-- Exercise aim --
Since the records include pictures, leave those out while you reproduce exactly and only the lines from the one containing "- ✅ REUSABLE" through the one containing "Mathematics Letters(应用数学快报)发表的标题为Two-layer-liquid and", inclusive.

Dataset extract: Begin

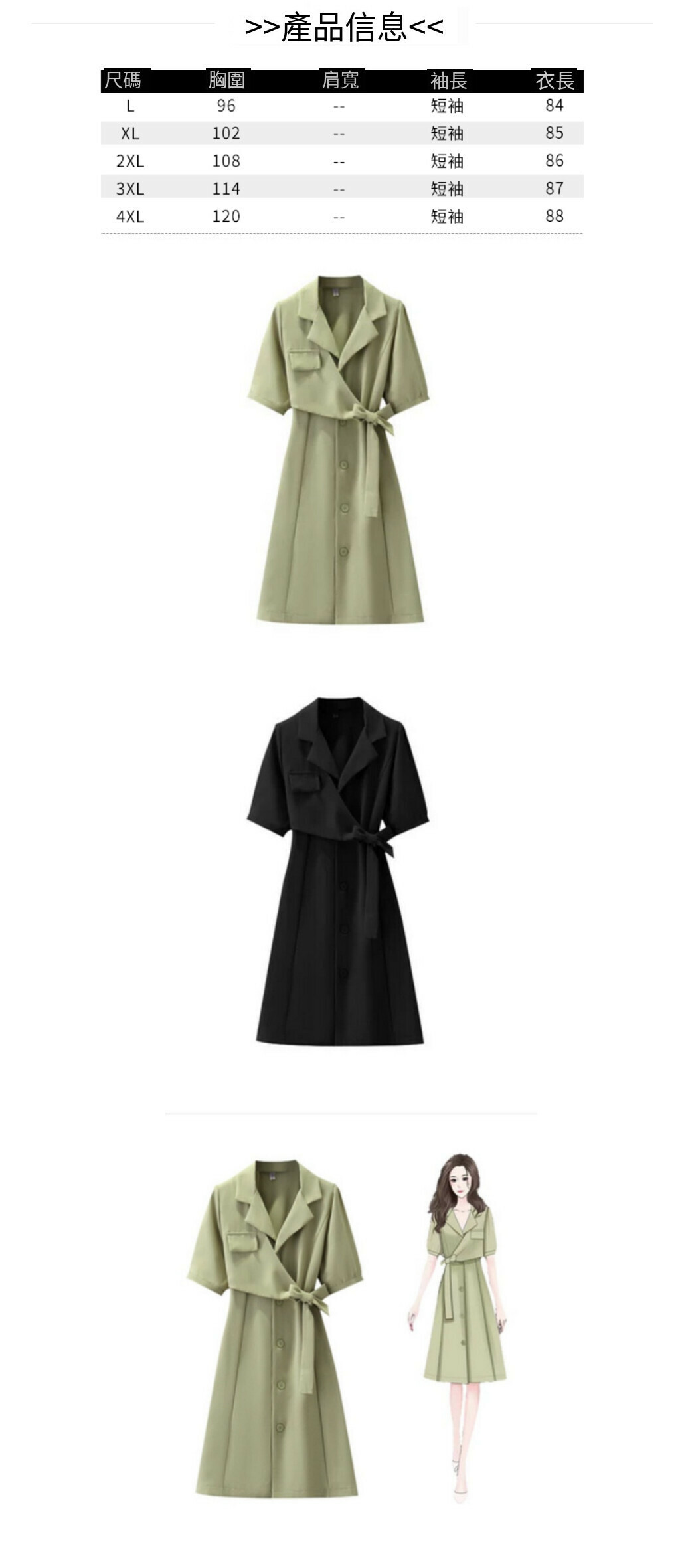 熱賣西裝領連衣裙【綠色】【M-4XL碼】(下單後請聯絡客服確認發貨尺碼)
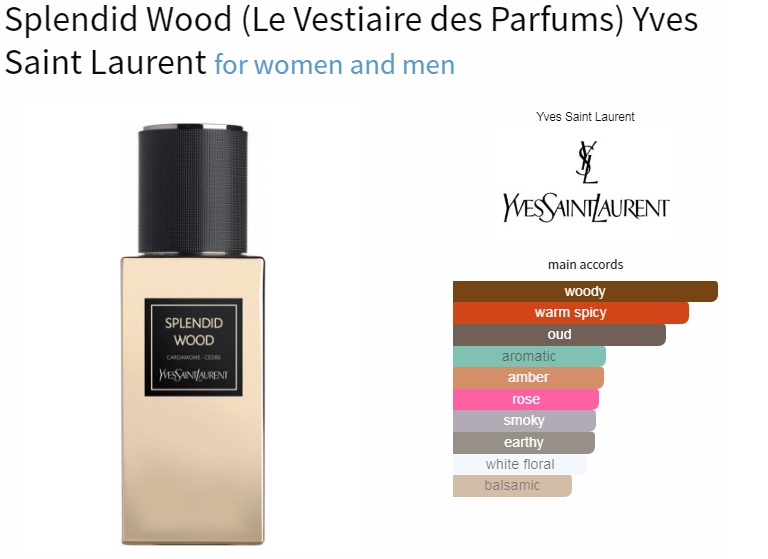 عطر ادکلن ایو سن لورن (وای اس ال) اسپلندید وود (له وستیه دس پارفومز) ادوپرفیوم مردانه-زنانه Yves Saint Laurent (YSL) Splendid Wood (Le Vestiaire des Parfums) Unisex EDP عطری است که با رایحه گرم و تند که در سال 2017 به بازار عطر و ادکلن عرضه شد.
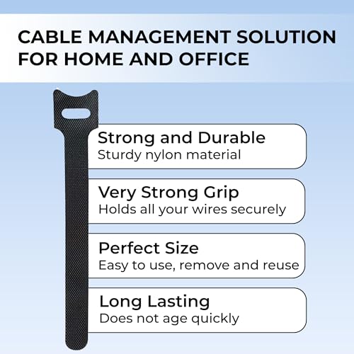 - ✅ REUSABLE AND ADJUSTABLE: Made from high-quality hook and loop nylon, these cable ties are designed for repeated use—no fraying, no cutting, just simple peel-and-stick functionality every time.
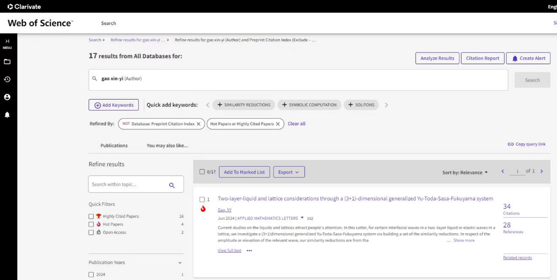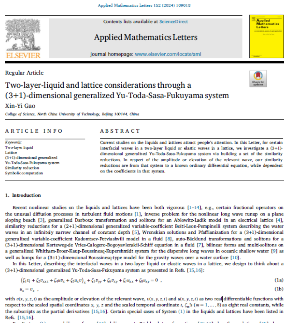 近日,公司betway西汉姆联官网教师高心怡在Applied Mathematics Letters(应用数学快报)发表的标题为Two-layer-liquid and lattice considerations through a (3+1)-dimensional generalized Yu-Toda-Sasa-Fukuyama system[通过(3+1)维广义Yu-Toda-Sasa-Fukuyama系统考察双层液体和晶格]的文章入选“ESI热点论文”。
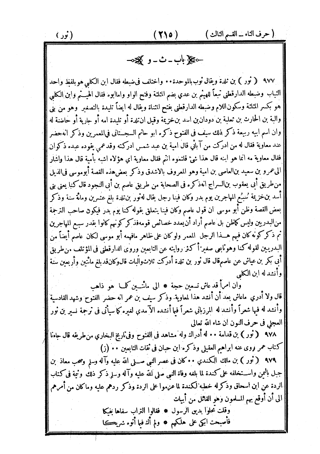 <215> الثاء بعدها الواو ثور بن تلدة ويقال ثوب بالموحدة واختف في ضبطه فقال بن الكلبي هو بلفظ واحد الثياب وضبطه الدار قطني تبعا للهيثم بن عدي بضم المثلثة وفتح الواو وأما أبوه فقال الهيثم وابن الكلبي هو بكسر المثلثة وسكون اللام وضبطه الدار قطني بفتح المثناة ويقال له أيضا تليدة بالتصغير وهو من بني والبة بن الحارث بن ثعلبة بن دودان بن أسد بن خزيمة وقيل إن تلدة أو تليدة أمه أو جارية حاضنة له وإن اسم أبيه ربيعة ذكر ذلك سيف في الفتوح ذكره أبو حاتم السجستاني في المعمرين وذكر أنه حضر عند معاوية فقال من أدركت من آبائي قال أمية بن عبد شمس أدركته وقد عمي يقوده عبدة ذكوان فقال معاوية مه إنما هو ابنه قال هذا شيء قلتموه أنتم فقال معاوية أي هؤلاء أشبه بأمية فقال هذا وأشار إلى عمرو بن سعيد بن العاصي بن أمية وهو المعروف بالأشدق وذكر بعض هذه القصة أبو موسى في الذيل من طريق أبي يعقوب السراج أنه ذكره في الصحابة من طريق عاصم بن أبي النجود قال كنا يعني بني أسد بن خزيمة سبع المهاجرين يوم بدر وكان فينا رجل يقال له ثور بن تلدة بلغ عشرين ومائة سنة وذكر بعض القصة وظن أبو موسى أن قول عاصم وكان فينا يتعلق بقوله كنا يوم بدر فيكون صاحب الترجمة من البدريين وليس كما ظن بل عاصم أراد أن يعد خصائص قومه فذكر كونهم كانوا بقدر سبع المهاجرين ثم ذكر كونه كان فيهم هذا الرجل المعمر ولو كان على ظاهر ما فهمه أبو موسى لكان عاصم أيضا من البدريين لقوله كنا وهو تابعي صغير أكثر روايته عن التابعين وروى الدار قطني في الؤتلف من طريق أبي بكر بن عياش عن عاصم قال قال ثور بن تلدة أدركت ثلاث والبات قال وكان قد بلغ مائتين وأربعين سنة وأنشد له بن الكلبي وإن امرأ قد عاش تسعين حجة إلى مائتين كلها هو ذاهب قال ولا أدري ما عاش بعد ما أنشد هذا لمعاوية وذكر سيف بن عمر أنه حضر الفتوح وشهد القادسية وأنشد له فيها شعرا وأنشد له المرزباني شعرا فيما أنشده الآمدي لغيره كما سيأتي في ترجمة نسير بن ثور العجلي في حرف النون إن شاء الله تعالى ثور بن قدامة له إدراك وله مشاهد في الفتوح وفي تاريخ البخاري من طريقه قال جاءنا كتاب عمر روى عنه إبراهيم العقيلي وذكره بن حبان في ثقات التابعين ثور بن مالك الكندي كان في عصر النبي صلى الله عليه وسلم وصحب معاذ بن جبل باليمن واستخلفه على كندة لما بلغه وفاة النبي صلى الله عليه وسلم ذكر ذلك وثيمة في كتاب الدرة عن بن إسحاق وذكر له خطبة لكندة لما عزموا على الردة وذكر ردهم عليه وما كان من أمرهم إلى أن أوقع بهم المسلمون وهو القائل من أبيات وقلت تحلوا بدين الرسول فقالوا التراب سفاها بفيكا فأصبحت أبكي على هلكهم ولم اك فيما أتوه شريكا §
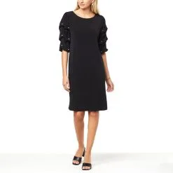 Antthony Faux Pearl-Trimmed Tiered Sleeve Sheath Dress Antthony’s flattering knit sheath dress is framed by tiered puff sleeves with faux pearl accents for a elegantly dramatic touch.

Dataset extract: End

-- Solved exercise --
 - ✅ REUSABLE AND ADJUSTABLE: Made from high-quality hook and loop nylon, these cable ties are designed for repeated use—no fraying, no cutting, just simple peel-and-stick functionality every time.
 近日,公司betway西汉姆联官网教师高心怡在Applied Mathematics Letters(应用数学快报)发表的标题为Two-layer-liquid and lattice considerations through a (3+1)-dimensional generalized Yu-Toda-Sasa-Fukuyama system[通过(3+1)维广义Yu-Toda-Sasa-Fukuyama系统考察双层液体和晶格]的文章入选“ESI热点论文”。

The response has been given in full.